• Aim of the exercise: Task for the records below: copy exactly from the first line on, stopping once the line with "此外,动态脉冲还可以携带单个值或引用。能够实现此功能的 ProtoFlux 节点包括" is copied, and leave out the pictures.

Segment Start: Supplied material

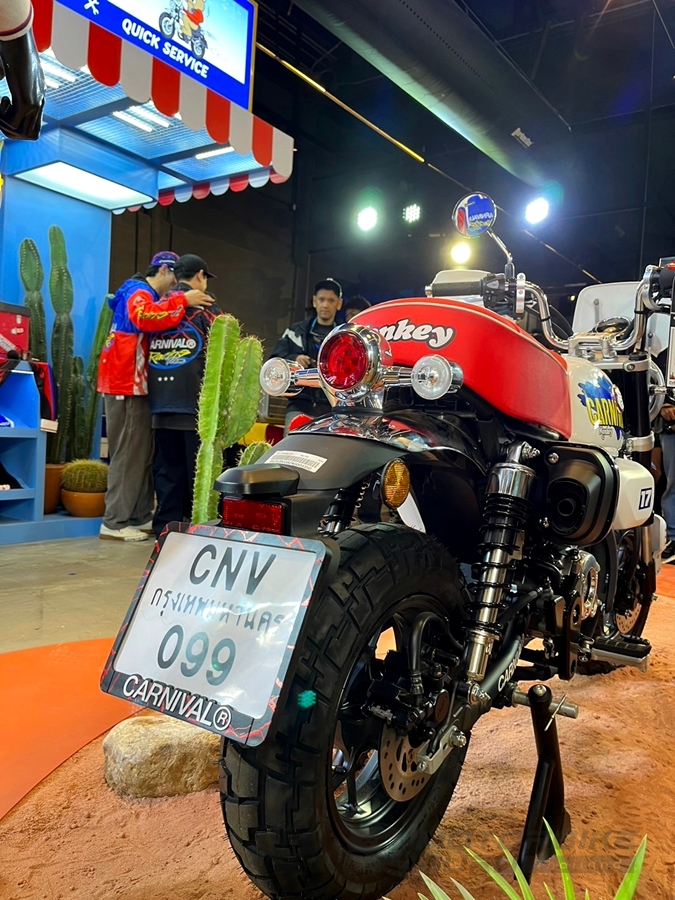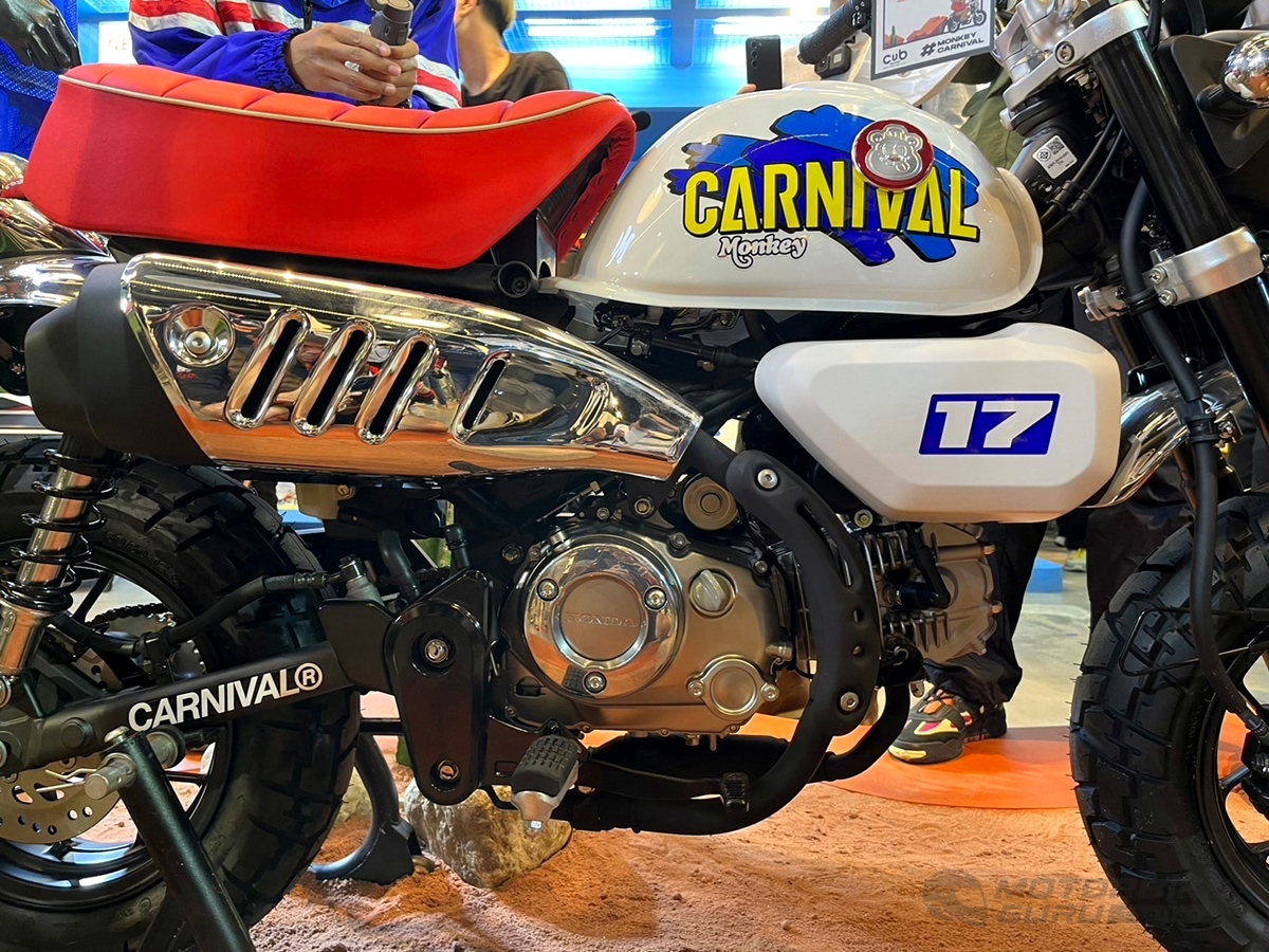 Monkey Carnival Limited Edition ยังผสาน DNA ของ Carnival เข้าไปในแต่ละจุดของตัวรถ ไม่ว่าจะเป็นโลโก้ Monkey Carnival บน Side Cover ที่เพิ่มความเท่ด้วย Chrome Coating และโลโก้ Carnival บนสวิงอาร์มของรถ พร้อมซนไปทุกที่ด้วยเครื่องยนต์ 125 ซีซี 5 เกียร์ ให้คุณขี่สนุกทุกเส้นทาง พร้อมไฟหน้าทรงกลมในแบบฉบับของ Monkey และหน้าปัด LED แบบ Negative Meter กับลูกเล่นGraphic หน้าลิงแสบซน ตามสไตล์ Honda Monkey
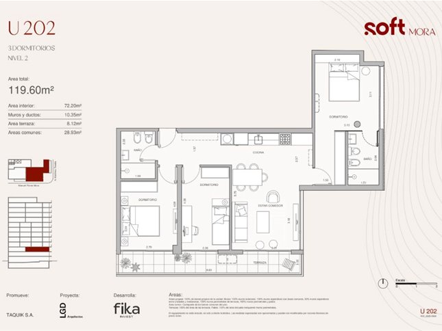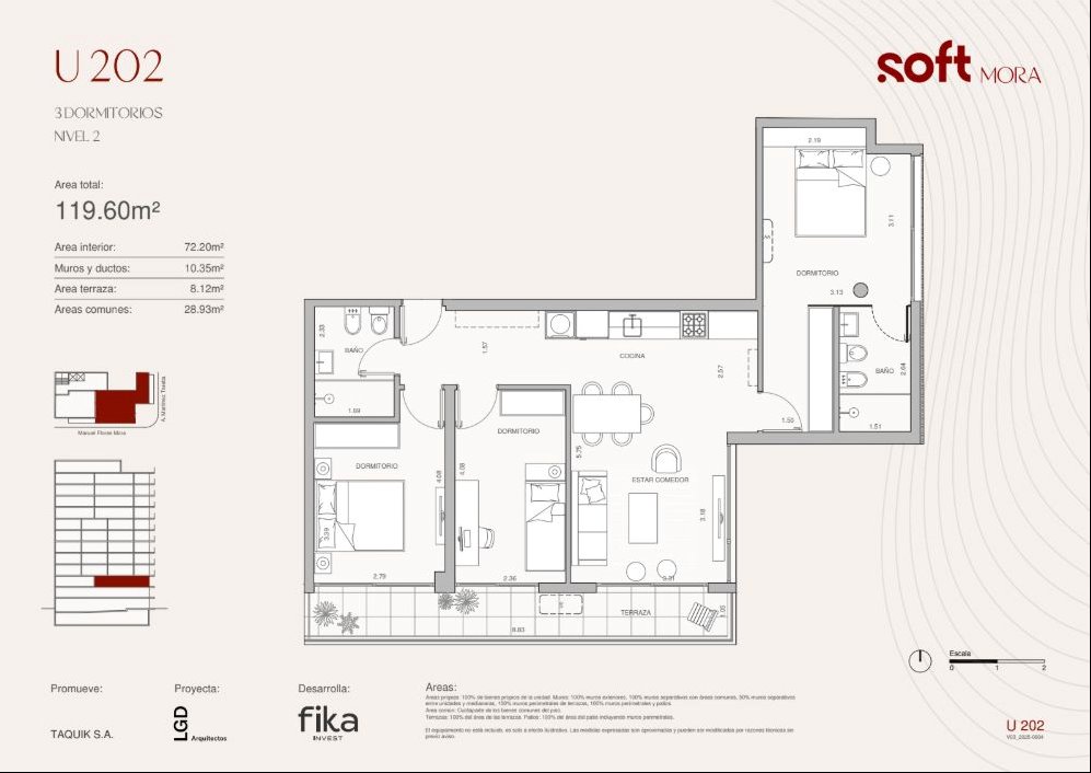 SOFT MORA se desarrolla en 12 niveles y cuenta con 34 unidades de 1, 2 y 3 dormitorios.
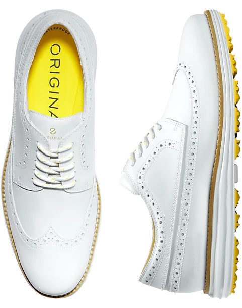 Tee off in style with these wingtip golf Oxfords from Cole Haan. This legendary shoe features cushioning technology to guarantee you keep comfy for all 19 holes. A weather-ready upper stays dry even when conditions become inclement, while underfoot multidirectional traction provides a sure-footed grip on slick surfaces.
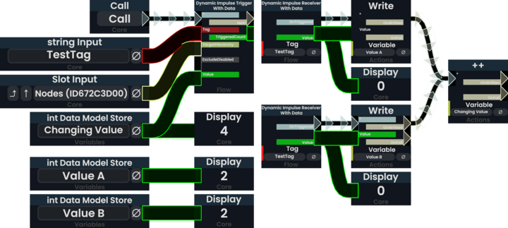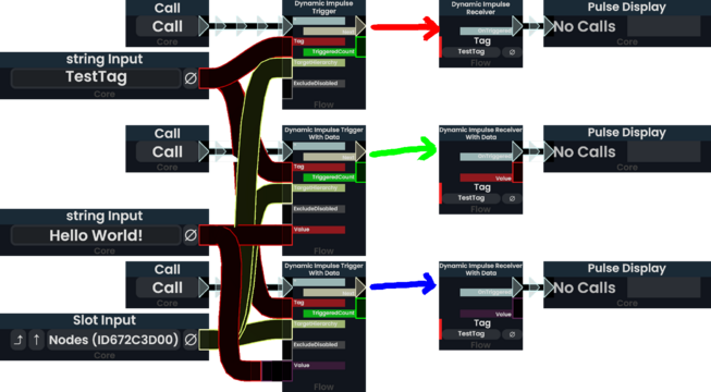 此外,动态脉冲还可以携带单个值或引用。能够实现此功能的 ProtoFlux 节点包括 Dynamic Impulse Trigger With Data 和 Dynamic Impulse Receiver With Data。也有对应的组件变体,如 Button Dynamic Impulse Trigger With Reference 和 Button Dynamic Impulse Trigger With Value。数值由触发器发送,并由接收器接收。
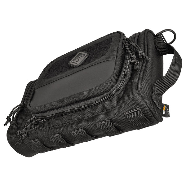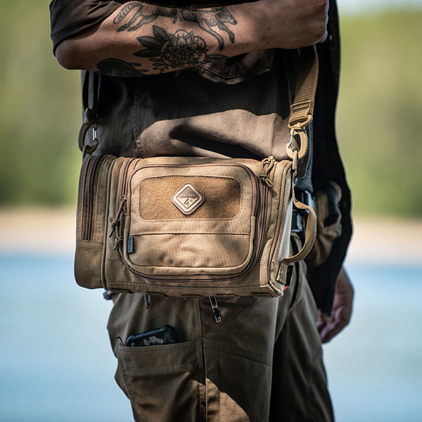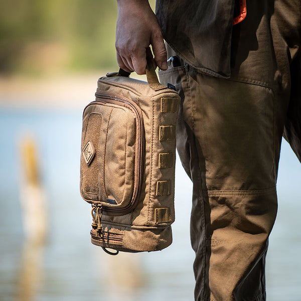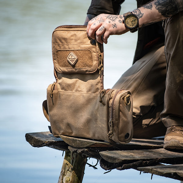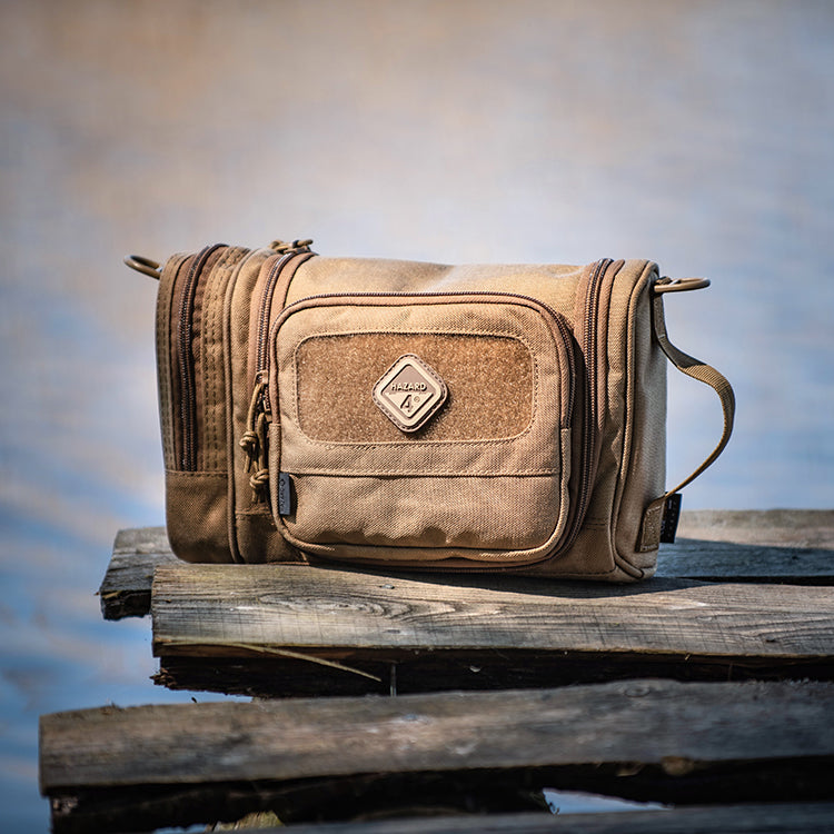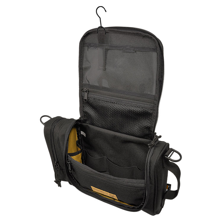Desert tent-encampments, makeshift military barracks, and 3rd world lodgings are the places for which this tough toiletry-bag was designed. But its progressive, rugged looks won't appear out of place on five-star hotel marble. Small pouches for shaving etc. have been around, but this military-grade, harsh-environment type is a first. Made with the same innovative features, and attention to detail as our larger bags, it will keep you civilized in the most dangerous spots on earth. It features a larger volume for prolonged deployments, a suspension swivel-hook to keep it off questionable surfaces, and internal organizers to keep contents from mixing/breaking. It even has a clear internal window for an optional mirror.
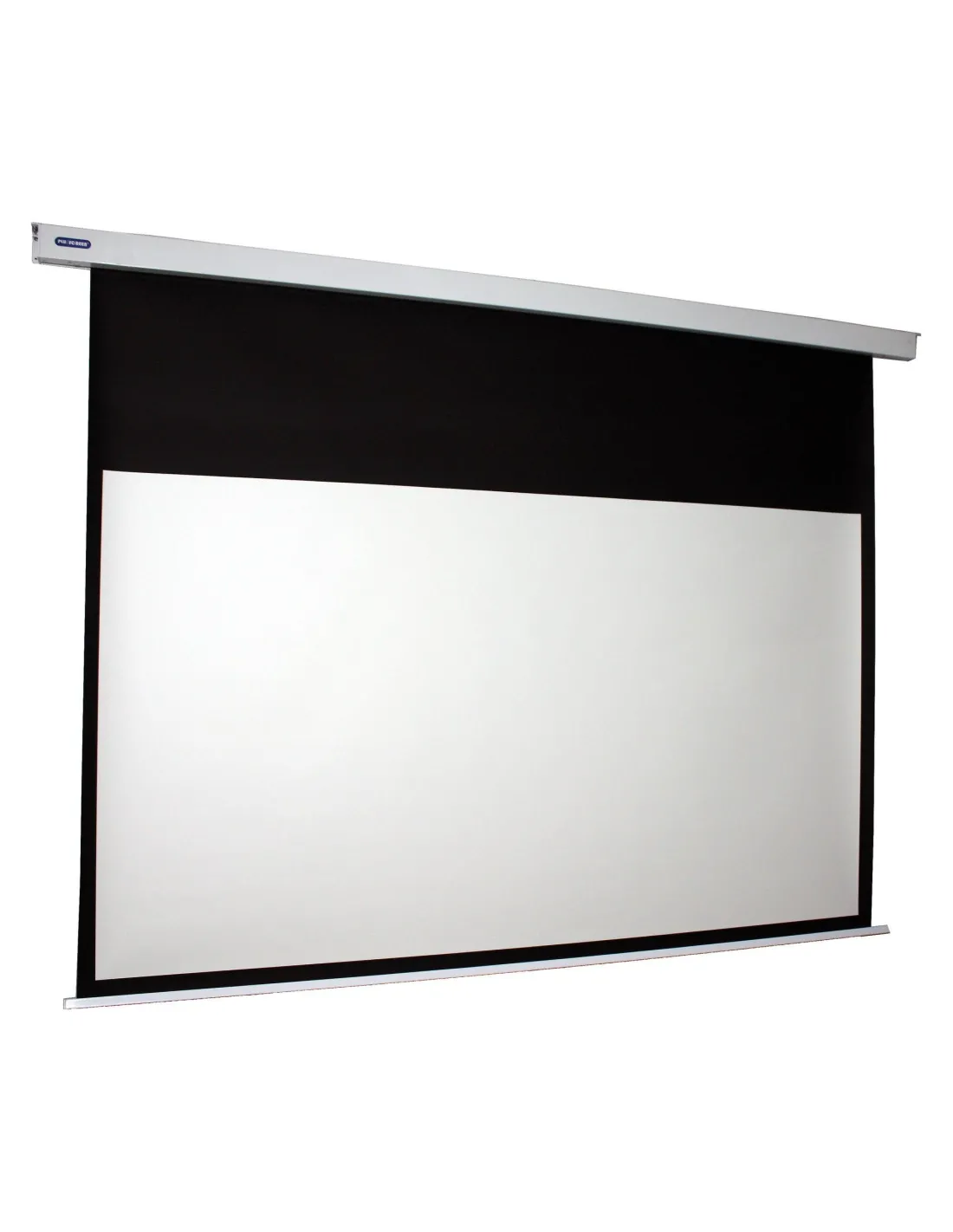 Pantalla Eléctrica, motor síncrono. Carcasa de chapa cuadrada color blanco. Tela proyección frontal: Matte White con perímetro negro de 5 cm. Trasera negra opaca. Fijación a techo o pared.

Segment End: Supplied material

• Solution for this task:
 Monkey Carnival Limited Edition ยังผสาน DNA ของ Carnival เข้าไปในแต่ละจุดของตัวรถ ไม่ว่าจะเป็นโลโก้ Monkey Carnival บน Side Cover ที่เพิ่มความเท่ด้วย Chrome Coating และโลโก้ Carnival บนสวิงอาร์มของรถ พร้อมซนไปทุกที่ด้วยเครื่องยนต์ 125 ซีซี 5 เกียร์ ให้คุณขี่สนุกทุกเส้นทาง พร้อมไฟหน้าทรงกลมในแบบฉบับของ Monkey และหน้าปัด LED แบบ Negative Meter กับลูกเล่นGraphic หน้าลิงแสบซน ตามสไตล์ Honda Monkey
 SOFT MORA se desarrolla en 12 niveles y cuenta con 34 unidades de 1, 2 y 3 dormitorios.
 Tee off in style with these wingtip golf Oxfords from Cole Haan. This legendary shoe features cushioning technology to guarantee you keep comfy for all 19 holes. A weather-ready upper stays dry even when conditions become inclement, while underfoot multidirectional traction provides a sure-footed grip on slick surfaces.
 此外,动态脉冲还可以携带单个值或引用。能够实现此功能的 ProtoFlux 节点包括 Dynamic Impulse Trigger With Data 和 Dynamic Impulse Receiver With Data。也有对应的组件变体,如 Button Dynamic Impulse Trigger With Reference 和 Button Dynamic Impulse Trigger With Value。数值由触发器发送,并由接收器接收。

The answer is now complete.